Ein Zeuge hat wahrscheinlich nie existiert, wie eine Befragung der Polizei mit einem der Detektive ergab: "Ich habe keinen Zeugen, der diesen Beweis beibringen kann", zitierte Richterin Sonja Weis aus dem Protokoll. Weiters gab der Privatermittler an, sein Verhalten gegenüber Margit K. sei davon geprägt, "ihr seelisches Gleichgewicht zu geben." Nach der Verlesung dieses Vernehmungsprotokolls wurden zwei Polizisten befragt, die unmittelbar am Tatort waren. Steffis Tante hatte am Nachmittag des 2. Juli in Sorge um die 21-Jährige, die sie nicht telefonisch erreichen konnte, Alarm geschlagen hatte. Die Wohnungstür öffnete den Beamten damals nicht Philipp K., sondern dessen Bekannter Oliver D., der auf einen Anruf des Angeklagten hin unmittelbar vorher eingetroffen war und dem der 23-Jährige laut Anklage das Verbrechen gestanden haben soll.

Bereits an der Tür fiel den Polizisten eine blutdurchtränkte, gegen die Wand gelehnte Matratze auf. Auf Befragen, was es damit auf sich habe, machte sich Philipp K. verdächtig, indem er angab, es handle sich dabei um "Regelblut meiner Freundin" bzw. habe er sich beim Einräumen des Geschirrspülers an der Hand verletzt und die Matratze offenbart auch mit seinem Blut benetzt.

"Für uns war klar, es ist etwas Furchtbares passiert"
Den Beamten erschien das unglaubwürdig. "Für uns war klar, dass etwas Furchtbares in dieser Wohnung passiert sein muss", erinnerte sich einer der zwei Streifenpolizisten im Zeugenstand. Philipp K. wurde festgenommen, während der ebenfalls am Tatort angetroffene Oliver D. die Wohnung verlassen und sich ins Stiegenhaus begeben konnte.

Detektiv spionierte Oliver D. aus
Nach der Einvernahme der Polizisten ging es noch einmal um Oliver D., den Bekannten von Philipp K, den dieser laut Anklage in seine Wohnung bestellt hatte, wo er diesem wenige Minuten vor seiner Festnahme die Bluttat gebeichtet haben soll. Ein Münchner Privatdetektiv, den Verteidiger Ernst Schillhammer stellig gemacht hatte, erklärte im Zeugenstand, er habe im Auftrag der Großmutter des Angeklagten dessen "Lebenslauf" und "Persönlichkeitsprofil" recherchiert.

Lügen auf Facebook
Alles, was er auf Facebook postet, ist gelogen.

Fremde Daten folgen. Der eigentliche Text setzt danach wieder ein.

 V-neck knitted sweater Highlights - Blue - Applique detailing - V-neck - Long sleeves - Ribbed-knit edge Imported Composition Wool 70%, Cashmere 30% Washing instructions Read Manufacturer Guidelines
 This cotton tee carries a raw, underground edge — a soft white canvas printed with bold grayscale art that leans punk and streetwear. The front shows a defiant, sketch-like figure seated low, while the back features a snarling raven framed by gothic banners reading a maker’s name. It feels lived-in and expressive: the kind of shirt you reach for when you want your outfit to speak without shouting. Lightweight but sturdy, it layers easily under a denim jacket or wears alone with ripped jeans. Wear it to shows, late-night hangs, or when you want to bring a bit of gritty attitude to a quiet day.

Er ist kein Akademiker, hat nicht einmal Abitur", so der Detektiv aus München. "Glauben, Sie, dass er der Einzige ist, der auf Facebook nicht die Wahrheit sagt?", warf Richterin Sonja Weis ein. Er habe auch mit den Eltern gesprochen, setzte der Zeuge fort. Diese würden sich vor Oliver D. fürchten und hätten ihm eingeschärft, ihrem Sohn keinesfalls ihre aktuelle Anschrift und Telefonnummer weiterzugeben, da dieser "ins Drogen- und Verbrechermilieu" abgeglitten sei.

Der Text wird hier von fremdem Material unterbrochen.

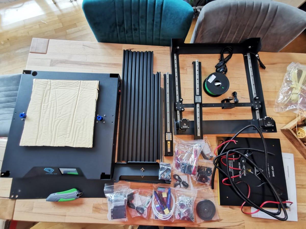 Da kann man eigentlich nicht viel falsch machen. Bedingt durch die Größe des Druckers im fertig zusammengebauten Zustand wird der Drucker aber fast komplett in Einzelteilen angeliefert und liegt nicht schon zumindest teilweise zusammengepackt im Karton.
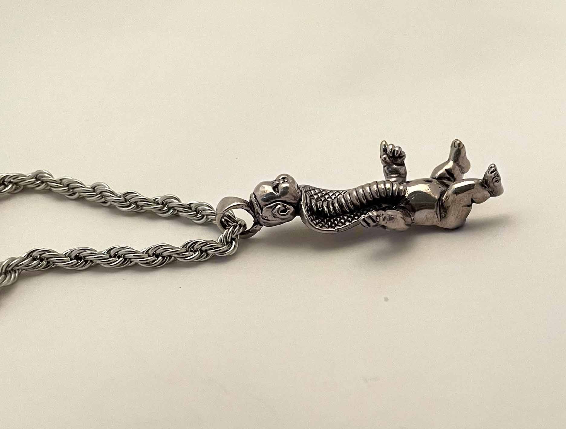 The one and only Cobra Baby Doll Necklace is complete! These necklaces are so fabulous that I can't even be modest about them. I hand carved each dimple on this baby's body with care and made sure they had just the right grin/beginning of a frown.
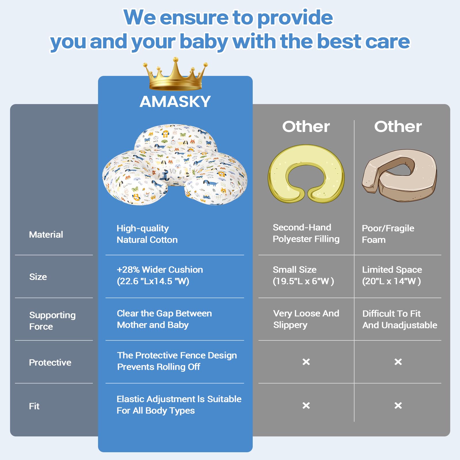 Nursery Essential: AMASKY Nursing Pillow is a must-have for registration and the most suitable gift for any baby shower. Tips: Since the packaged pillow is shipped vacuum, please pat the pillow and let it expand for at least 48 hours before use to make it fluffy enough
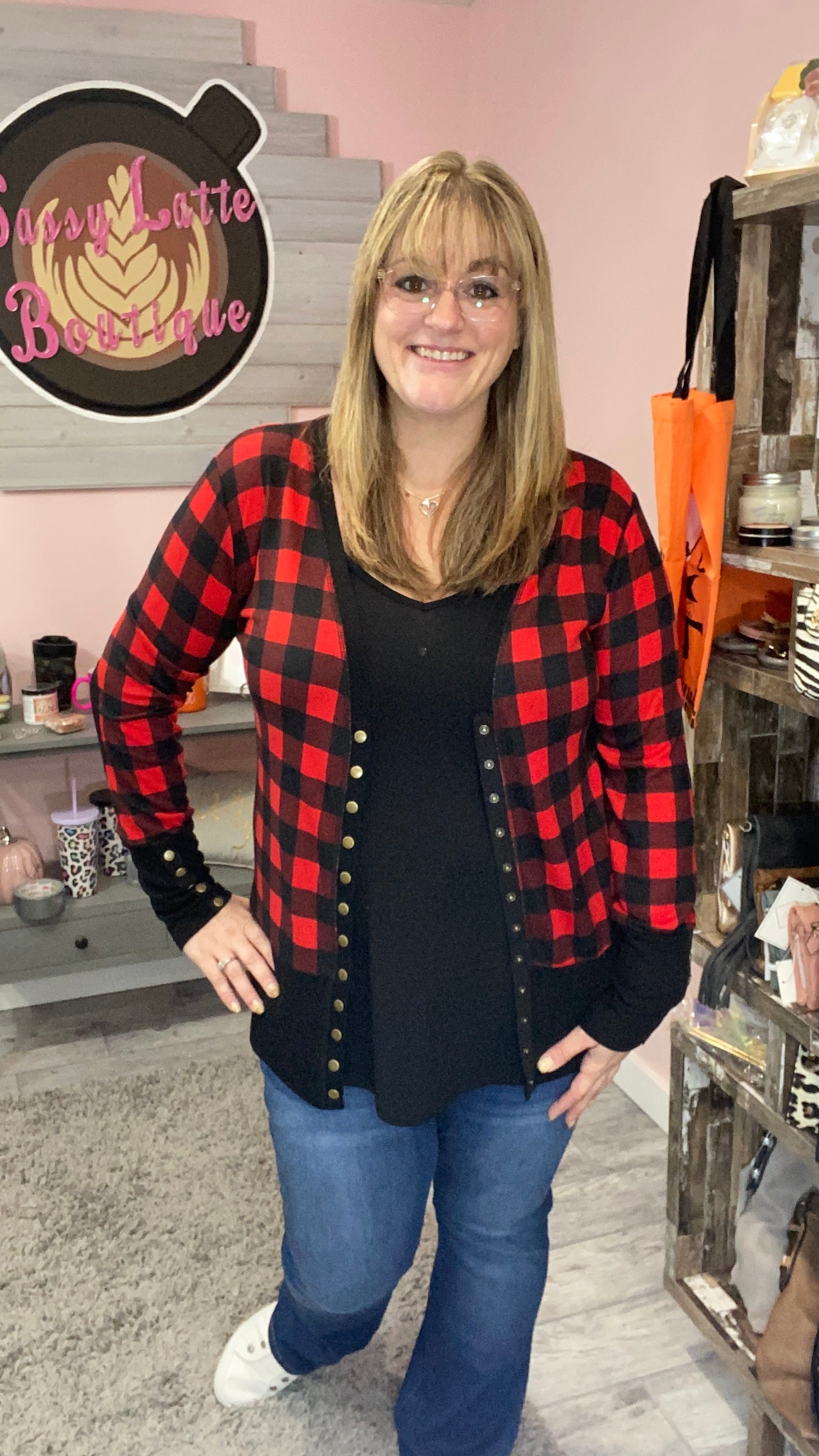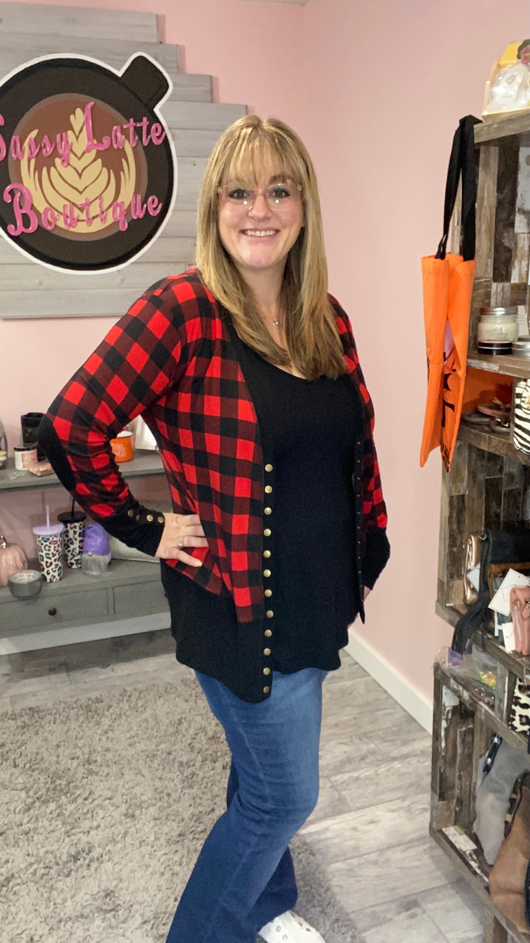 • Longer length, true to size fit. I can wear an XL open or a 1X if I want to snap it.
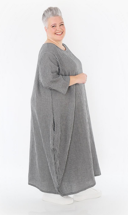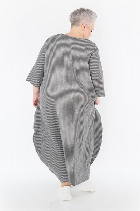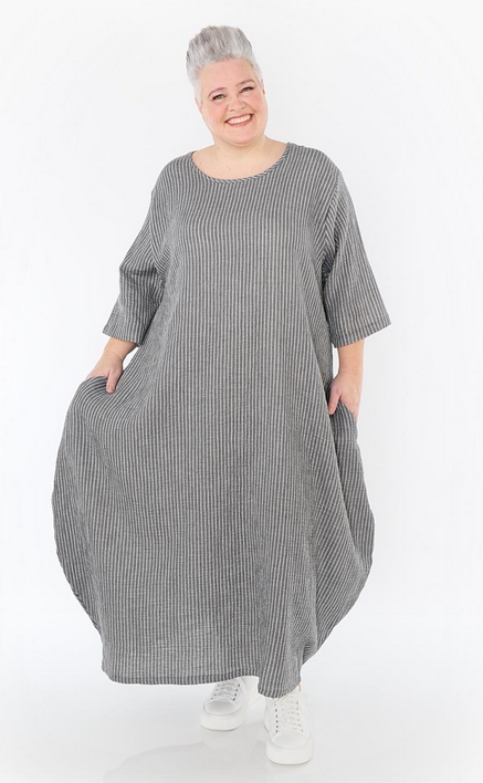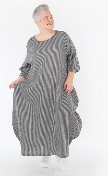 AKH Sommer Kleid in Ballon Form aus feiner Mousseline Qualität. Einheitsgröße, tragbar bis EU-Größe 52, wird gern auch von Kundinnen mit kleineren Größen oversized bzw. locker, leger getragen.
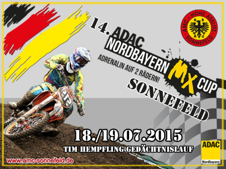 Im Jahr 2015 nimmt der AMC Sonnefeld, ertsmalig an der neuen Serie "ADAC Nordbayern MX Cup" teil. Nähere Informationen zur Veranstaltung finden Sie bereits jetzt auf der Internetseite des ADAC Nordbayern.
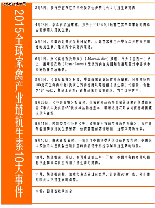2015年1月27日-29日,在美国举行的IPPE展会期间举行的世界家禽科学大会上,与会专家对无抗家禽养殖议题展开了深入探讨。此后麦当劳宣布在美国快餐店逐步禁用含人用抗生素鸡肉。紧接着美国泰森食品公司、英国两姐妹集团等公司相继宣布逐步停用将促生长类抗生素用于家禽养殖。 事实上,2014年2月11日,美国快餐连锁店Chick-fil-A就宣布计划在未来5年内在全美所有的连锁店内提供不用抗生素饲养的鸡肉。这个举动也是快餐业第一次承诺提供100%“无抗生素饲养”的鸡肉产品。

Oliver D.:"Ich hab' niemandem was gesagt"
Im Anschluss wurde noch einmal der an sich schon in der Vorwoche vernommene Oliver D. in den Zeugenstand geholt, der sich sogleich über den zuvor befragten Detektiv ausließ ("Der Lackaffe!") und versicherte, dieser "lüge" und habe niemals mit seinen Eltern geredet. Oliver D. versicherte neuerlich, mit dem inkriminierten Verbrechen nichts zu tun zu haben. Die Angaben der Mutter des Angeklagten, die am vergangenen Donnerstag Gegenteiliges behauptet und betont hatte, Oliver D. habe seine Beteiligung einem Mann mit einem kroatisch klingenden Namen auch gestanden, tat dieser als "Larifari" ab: "Ich hab' diesbezüglich niemandem was gesagt. Ich bin doch nicht blöd."

Im Übrigen wundere er sich, "was das Ganze für das Verfahren überhaupt soll", bemerkte Oliver D. mit einem Seitenblick auf Philipp K. "Dem kann doch der liebe Gott nicht mehr helfen. Der Mann ist erledigt", sagte er abschließend über den Angeklagten.